> _What to produce_
Find "Oblate glass shades" and "Quindi, scegli un" in the records below. Copy the lines holding them and every line between, exactly, and no others.

> _Provided data_
++++++++

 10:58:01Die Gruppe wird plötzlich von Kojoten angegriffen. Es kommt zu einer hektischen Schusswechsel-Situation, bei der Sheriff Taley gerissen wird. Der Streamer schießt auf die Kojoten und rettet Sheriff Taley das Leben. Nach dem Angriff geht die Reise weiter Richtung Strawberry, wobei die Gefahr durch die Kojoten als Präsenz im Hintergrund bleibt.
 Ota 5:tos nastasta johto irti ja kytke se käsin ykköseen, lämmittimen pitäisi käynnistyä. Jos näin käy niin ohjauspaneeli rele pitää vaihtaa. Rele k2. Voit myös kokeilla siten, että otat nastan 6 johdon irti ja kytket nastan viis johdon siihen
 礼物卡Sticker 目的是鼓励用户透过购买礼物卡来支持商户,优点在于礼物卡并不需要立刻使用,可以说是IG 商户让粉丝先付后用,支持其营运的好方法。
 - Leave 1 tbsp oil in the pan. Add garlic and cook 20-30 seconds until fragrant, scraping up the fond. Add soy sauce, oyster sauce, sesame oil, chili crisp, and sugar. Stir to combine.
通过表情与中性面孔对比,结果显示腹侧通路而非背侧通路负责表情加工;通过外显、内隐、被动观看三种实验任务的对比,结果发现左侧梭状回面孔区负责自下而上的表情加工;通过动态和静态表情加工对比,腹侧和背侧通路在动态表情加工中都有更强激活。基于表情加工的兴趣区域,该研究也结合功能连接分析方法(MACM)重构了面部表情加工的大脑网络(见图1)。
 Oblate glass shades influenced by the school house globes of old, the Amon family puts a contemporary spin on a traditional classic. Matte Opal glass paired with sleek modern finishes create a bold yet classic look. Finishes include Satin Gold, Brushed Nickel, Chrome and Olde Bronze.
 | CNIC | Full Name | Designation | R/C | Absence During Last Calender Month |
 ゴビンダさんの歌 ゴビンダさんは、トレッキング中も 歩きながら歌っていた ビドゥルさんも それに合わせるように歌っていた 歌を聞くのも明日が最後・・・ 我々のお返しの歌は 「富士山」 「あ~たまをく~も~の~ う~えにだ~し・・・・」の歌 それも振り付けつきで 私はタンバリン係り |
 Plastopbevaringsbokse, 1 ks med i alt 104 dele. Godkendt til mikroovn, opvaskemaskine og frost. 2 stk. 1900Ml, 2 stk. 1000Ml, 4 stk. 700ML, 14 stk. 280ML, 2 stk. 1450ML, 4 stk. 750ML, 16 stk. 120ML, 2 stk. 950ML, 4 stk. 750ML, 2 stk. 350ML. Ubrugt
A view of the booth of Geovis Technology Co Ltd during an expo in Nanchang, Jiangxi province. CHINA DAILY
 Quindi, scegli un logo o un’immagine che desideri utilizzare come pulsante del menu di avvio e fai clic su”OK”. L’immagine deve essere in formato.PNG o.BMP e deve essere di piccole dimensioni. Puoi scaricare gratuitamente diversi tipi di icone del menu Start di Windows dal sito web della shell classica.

++++++++

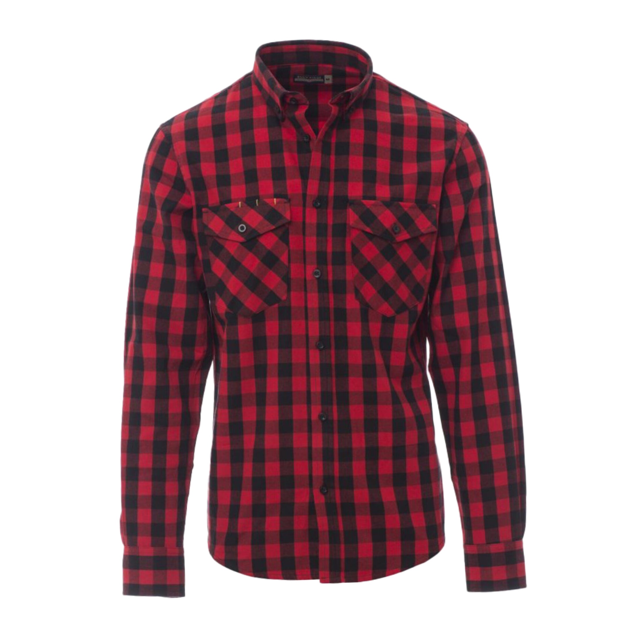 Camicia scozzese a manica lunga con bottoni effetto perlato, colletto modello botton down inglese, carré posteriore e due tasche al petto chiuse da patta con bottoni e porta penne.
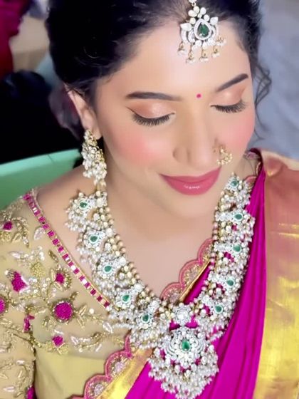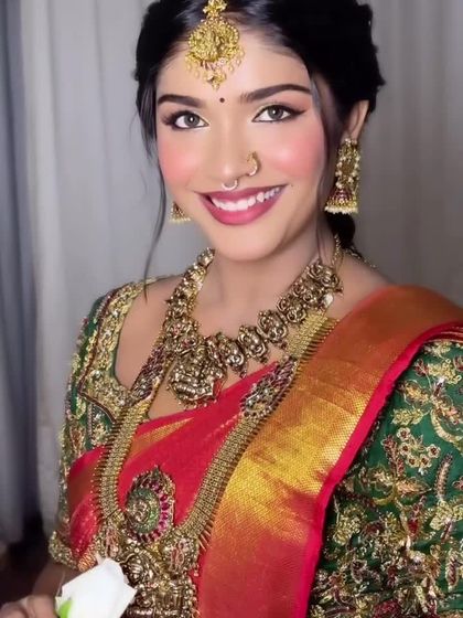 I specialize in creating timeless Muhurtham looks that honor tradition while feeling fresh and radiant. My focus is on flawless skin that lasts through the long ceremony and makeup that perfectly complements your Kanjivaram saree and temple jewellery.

++++++++

> _Result for this exercise_
 Oblate glass shades influenced by the school house globes of old, the Amon family puts a contemporary spin on a traditional classic. Matte Opal glass paired with sleek modern finishes create a bold yet classic look. Finishes include Satin Gold, Brushed Nickel, Chrome and Olde Bronze.
 | CNIC | Full Name | Designation | R/C | Absence During Last Calender Month |
 ゴビンダさんの歌 ゴビンダさんは、トレッキング中も 歩きながら歌っていた ビドゥルさんも それに合わせるように歌っていた 歌を聞くのも明日が最後・・・ 我々のお返しの歌は 「富士山」 「あ~たまをく~も~の~ う~えにだ~し・・・・」の歌 それも振り付けつきで 私はタンバリン係り |
 Plastopbevaringsbokse, 1 ks med i alt 104 dele. Godkendt til mikroovn, opvaskemaskine og frost. 2 stk. 1900Ml, 2 stk. 1000Ml, 4 stk. 700ML, 14 stk. 280ML, 2 stk. 1450ML, 4 stk. 750ML, 16 stk. 120ML, 2 stk. 950ML, 4 stk. 750ML, 2 stk. 350ML. Ubrugt
A view of the booth of Geovis Technology Co Ltd during an expo in Nanchang, Jiangxi province. CHINA DAILY
 Quindi, scegli un logo o un’immagine che desideri utilizzare come pulsante del menu di avvio e fai clic su”OK”. L’immagine deve essere in formato.PNG o.BMP e deve essere di piccole dimensioni. Puoi scaricare gratuitamente diversi tipi di icone del menu Start di Windows dal sito web della shell classica.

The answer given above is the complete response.